Task inputs section start

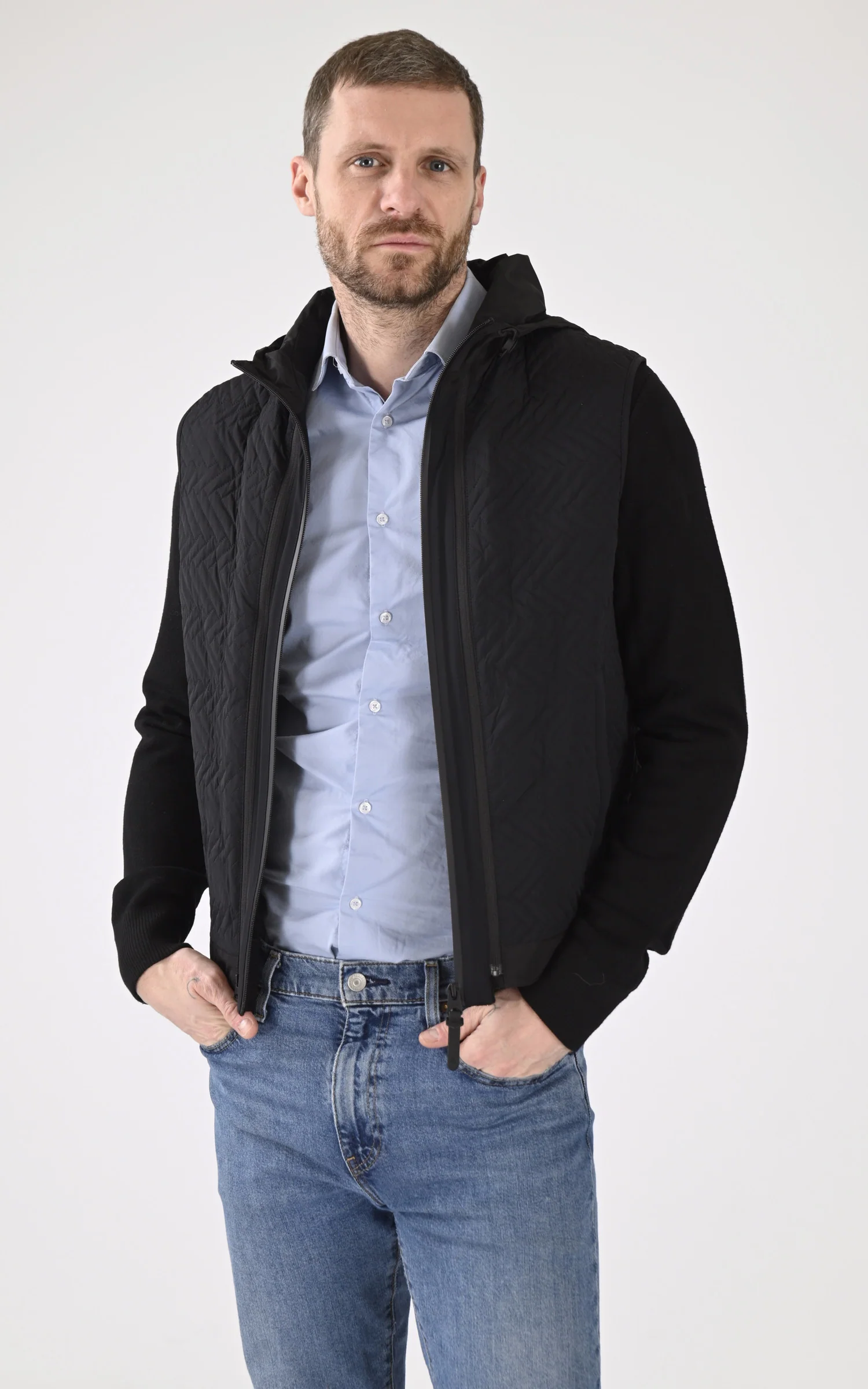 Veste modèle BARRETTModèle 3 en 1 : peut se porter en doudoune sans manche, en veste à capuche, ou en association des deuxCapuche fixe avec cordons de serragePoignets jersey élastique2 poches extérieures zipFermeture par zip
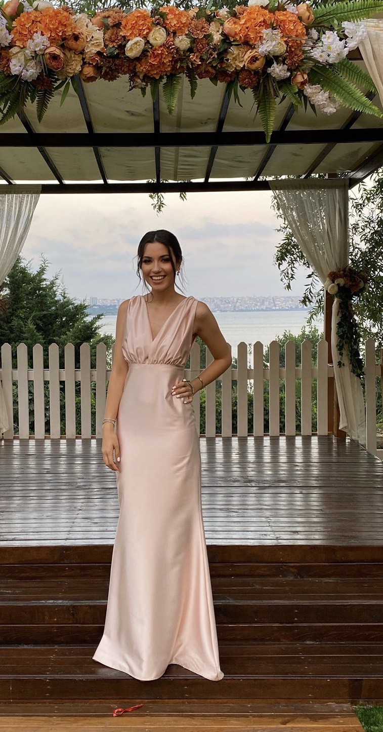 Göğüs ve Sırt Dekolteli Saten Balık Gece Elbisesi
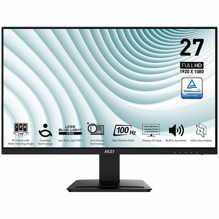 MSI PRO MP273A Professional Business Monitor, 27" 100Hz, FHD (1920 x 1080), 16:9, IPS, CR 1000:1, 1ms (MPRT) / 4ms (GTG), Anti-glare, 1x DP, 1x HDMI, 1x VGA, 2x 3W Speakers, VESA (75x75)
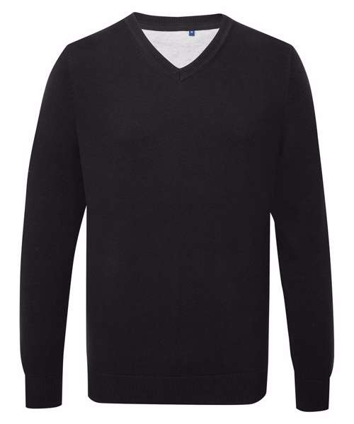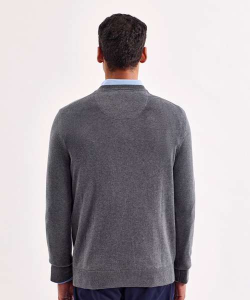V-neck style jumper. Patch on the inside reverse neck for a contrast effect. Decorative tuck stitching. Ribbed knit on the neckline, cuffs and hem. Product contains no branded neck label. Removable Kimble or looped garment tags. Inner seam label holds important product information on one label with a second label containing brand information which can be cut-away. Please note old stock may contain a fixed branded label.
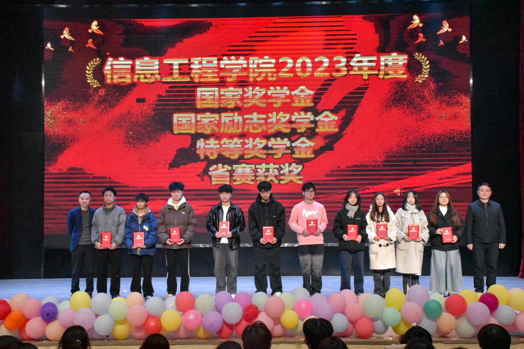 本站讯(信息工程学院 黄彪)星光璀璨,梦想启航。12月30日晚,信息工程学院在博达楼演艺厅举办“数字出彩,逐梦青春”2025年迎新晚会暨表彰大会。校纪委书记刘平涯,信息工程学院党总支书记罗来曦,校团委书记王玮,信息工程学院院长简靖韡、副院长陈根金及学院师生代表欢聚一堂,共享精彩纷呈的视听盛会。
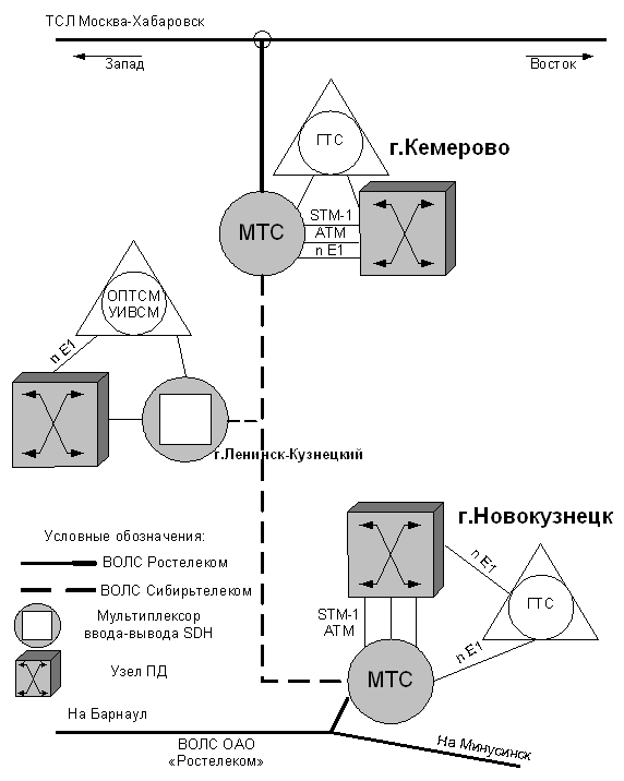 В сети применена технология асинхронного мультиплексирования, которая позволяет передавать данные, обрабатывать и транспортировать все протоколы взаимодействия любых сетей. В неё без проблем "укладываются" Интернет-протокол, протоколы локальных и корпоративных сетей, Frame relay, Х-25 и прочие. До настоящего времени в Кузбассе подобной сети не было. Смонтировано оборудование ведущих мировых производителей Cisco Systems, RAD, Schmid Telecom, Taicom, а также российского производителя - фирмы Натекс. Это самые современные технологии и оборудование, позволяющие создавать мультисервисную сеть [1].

Task inputs section end

Task goal:
Repeat each of the records exactly as written, except for the pictures, which are to be left out.

Solution below:
 Veste modèle BARRETTModèle 3 en 1 : peut se porter en doudoune sans manche, en veste à capuche, ou en association des deuxCapuche fixe avec cordons de serragePoignets jersey élastique2 poches extérieures zipFermeture par zip
 Göğüs ve Sırt Dekolteli Saten Balık Gece Elbisesi
 MSI PRO MP273A Professional Business Monitor, 27" 100Hz, FHD (1920 x 1080), 16:9, IPS, CR 1000:1, 1ms (MPRT) / 4ms (GTG), Anti-glare, 1x DP, 1x HDMI, 1x VGA, 2x 3W Speakers, VESA (75x75)
V-neck style jumper. Patch on the inside reverse neck for a contrast effect. Decorative tuck stitching. Ribbed knit on the neckline, cuffs and hem. Product contains no branded neck label. Removable Kimble or looped garment tags. Inner seam label holds important product information on one label with a second label containing brand information which can be cut-away. Please note old stock may contain a fixed branded label.
 本站讯(信息工程学院 黄彪)星光璀璨,梦想启航。12月30日晚,信息工程学院在博达楼演艺厅举办“数字出彩,逐梦青春”2025年迎新晚会暨表彰大会。校纪委书记刘平涯,信息工程学院党总支书记罗来曦,校团委书记王玮,信息工程学院院长简靖韡、副院长陈根金及学院师生代表欢聚一堂,共享精彩纷呈的视听盛会。
 В сети применена технология асинхронного мультиплексирования, которая позволяет передавать данные, обрабатывать и транспортировать все протоколы взаимодействия любых сетей. В неё без проблем "укладываются" Интернет-протокол, протоколы локальных и корпоративных сетей, Frame relay, Х-25 и прочие. До настоящего времени в Кузбассе подобной сети не было. Смонтировано оборудование ведущих мировых производителей Cisco Systems, RAD, Schmid Telecom, Taicom, а также российского производителя - фирмы Натекс. Это самые современные технологии и оборудование, позволяющие создавать мультисервисную сеть [1].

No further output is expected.